Additionally, we compare the performance of the network at different meta-iterations of the training procedure in Table 3, observing improvements in performance with each successive meta-iteration. We further observe that this boost in precision saturates after a certain number of these meta-iterations. In order to visualize the quality of the pseudo labels at different stages of training, we plot the IoU with ground truth vs. confidence of 500 pseudo labels generated by the source only model (blue x’s) and the third meta-iteration model (red stars). We desire that the model generate confident labels with large IoU scores (labels should be pushed to the upper right corner) and be uncertain about generated labels with low IoU scores (labels should be be pushed to the lower left). The labels generated after adaptation are less noisy than that of the source-generated labels, indicated by the fact that incorrect samples () of meta-iteration 3 tend to be distributed with lower confidence than that of DT labels. This shows that the quality of the pseudo-labels improves after adaptation.
6 Limitations
We conduct experiments for a single class and compute a single attentive prototype. The largest domain gaps often occur with smaller objects that appear less frequently such as pedestrians and cyclists. However, our method could be easily extended to learn multiple attentive prototypes for multi-object detection, with the use of class-specific transformer modules. The method is less effective when addressing shifts from smaller to larger datasets (Table 1, KITTI to nuScenes). Additionally, in this work we perform closed-set domain adaptation, in which we make the assumption that the classes in the source domain have equivalent classes in the target domain. This may not hold true for all datasets in the general domain adaptation setting.
7 Conclusions and future work
In this paper we proposed a source-free domain adaptation framework for unsupervised domain adaptive 3D object detectors that uses a transformer module to compute an attentive class prototype to perform pseudo-label refinement during self training. Our method outperforms other recent domain adaptation networks for several different domain shifts.

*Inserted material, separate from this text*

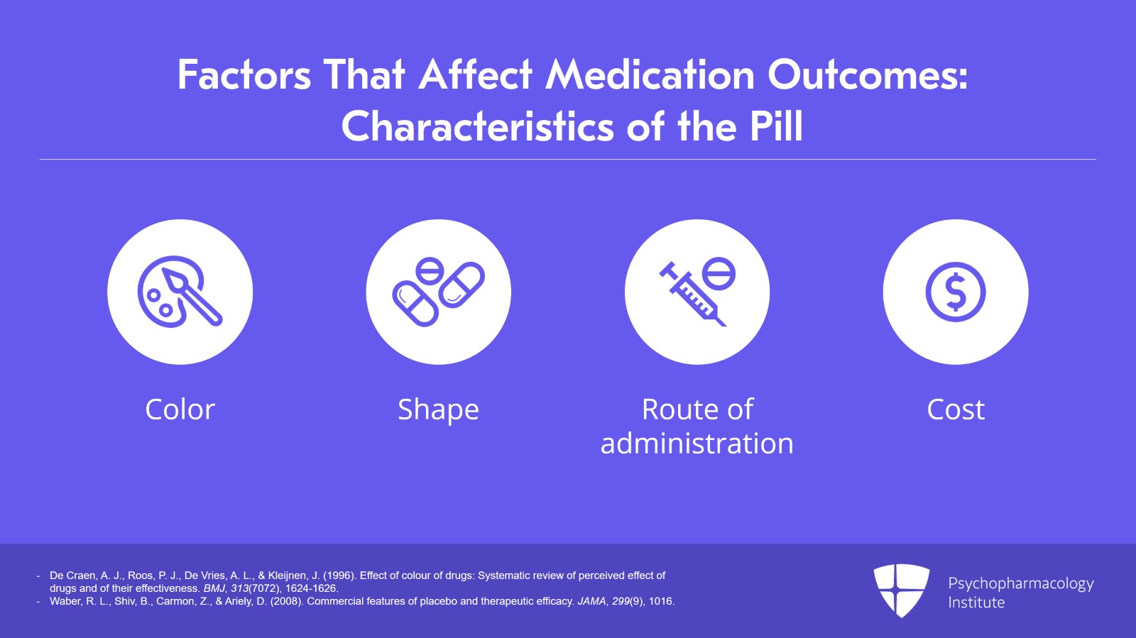 The characteristics of the pill also affect outcome. So the color of the pill makes a difference. And we know in terms of placebo research red pills tend to be energizing and blue pills tend to be calming in most cases but not all cases. We know shapes of the pills, the route of administration, all affect how well our pills work and expensive pills appear also to work better. So if a patient is in the course of a study is led to believe the pill they're taking is, you know, 25 cents or like $85, if the patient thinks they're getting the more expensive pill, they tend to have a bigger response.

We mainly address pseudo-label noise related to the false positive mis-classification of regions in the 3D scene, and not the dimensions of the bounding box. A factor that contributes the drop in performance upon domain shift is the difference in average size of the vehicles in different locations [Wang2020TrainIG]. While they address this by the weakly supervised approach of statistical normalization, in the future we hope to provide a fully unsupervised solution.